There are a variety of reasons that you might choose to sell your home before the mortgage term ends. The most common reason is that you are moving to a new location or that your family situation has changed, with the addition of children or adult children moving out. In all these cases, your home no longer meets your needs, and you may want to break your mortgage contract. If you are considering selling your house early, make sure that you understand the costs that are associated with breaking the mortgage contract.
The Costs of Breaking the Mortgage Contract
The cost of selling your home before the mortgage term ends and breaking the mortgage contract will depend on your mortgage type. If you have an open mortgage, you can sell your home without paying penalties for breaking the mortgage contract.
However, if you have a closed mortgage, there will be penalties for selling your home before the term is up. The highest cost will be the prepayment penalty, which is the fee for breaking the mortgage contract. The prepayment penalty can be thousands of dollars, and will vary based on the terms of your mortgage contract. There will also be administrative fees, appraisal fees, reinvestment fees and a mortgage discharge fee, which removes the charge on your current mortgage and registers a new one.
You may also have to repay any cash-back or lines of credit you received when you got your mortgage. These fees can make breaking a mortgage before the term ends very pricey.
Options for Breaking the Mortgage Contract
There are options if you are thinking about selling your house before the mortgage term is over. Some mortgage lenders may allow you to extend the length of your mortgage while beginning a new mortgage in a Blend-and-Extend option. In this option, the interest rates for the old and new terms are blended, and you won’t have to pay the prepayment penalty. However, you may need to pay administrative fees.
Unfortunately, not every mortgage lender offers this option, so the only other choice is to break the mortgage contract. In this case, you may get a lower interest rate on your new home, but you will have to pay a prepayment penalty for breaking the contract. If you have a choice in whether you sell your home before the mortgage term ends, ensure that the benefits of breaking the contract early outweigh the costs of paying the prepayment penalty and any other associated fees.

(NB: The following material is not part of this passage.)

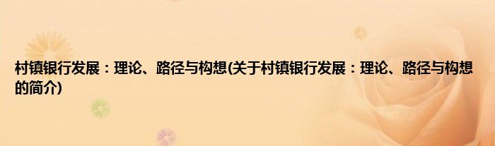 本文关于村镇银行发展:理论、路径与构想的简介就讲解完毕,希望对大家有所帮助。

Pros and Cons of Selling Your Home Early
It can be tempting to break your mortgage or sell your home if you see a lower interest rate or a home that better meets your needs. In some cases, you may not have much of a choice in the matter, such as if you have to move for work. Here are some of the pros and cons of selling your home before the mortgage term ends and breaking the contract:
Pro: You may be able to get a lower interest rate and be able to pay off the mortgage faster if you keep the payments the same. When moving into a new house, it is possible that you could get a lower interest rate than on your previous mortgage, and if you budget your mortgage payments as if you are paying into your old mortgage, then you could pay off your new mortgage early.
Con: You could end up paying more in the long run because of fees and a prepayment penalty. The fees for breaking a mortgage before the term ends are very high, and even if you make higher payments on your new mortgage, there is no guarantee that the interest saved will be enough to cover the penalties. However, your mortgage advisor can run the calculations for you.
Pro: You may be able to lock in a lower interest rate for the new mortgage term. Selling your house allows you to look for a lower interest rate for your new home, saving you money in the long run.
Con: You may no longer qualify for a mortgage under current economic conditions. Times are tough, and it could be that you are selling your house not to buy a new one but to move into a rental. If this is the case, ensure that the benefits of selling your home early outweigh the costs of the penalties.
Before selling your house early, make sure that you read all of the fine print to see what costs are associated with breaking the mortgage contract. A mortgage advisor can provide valuable advice to navigate the possibility of selling your home before the mortgage term ends.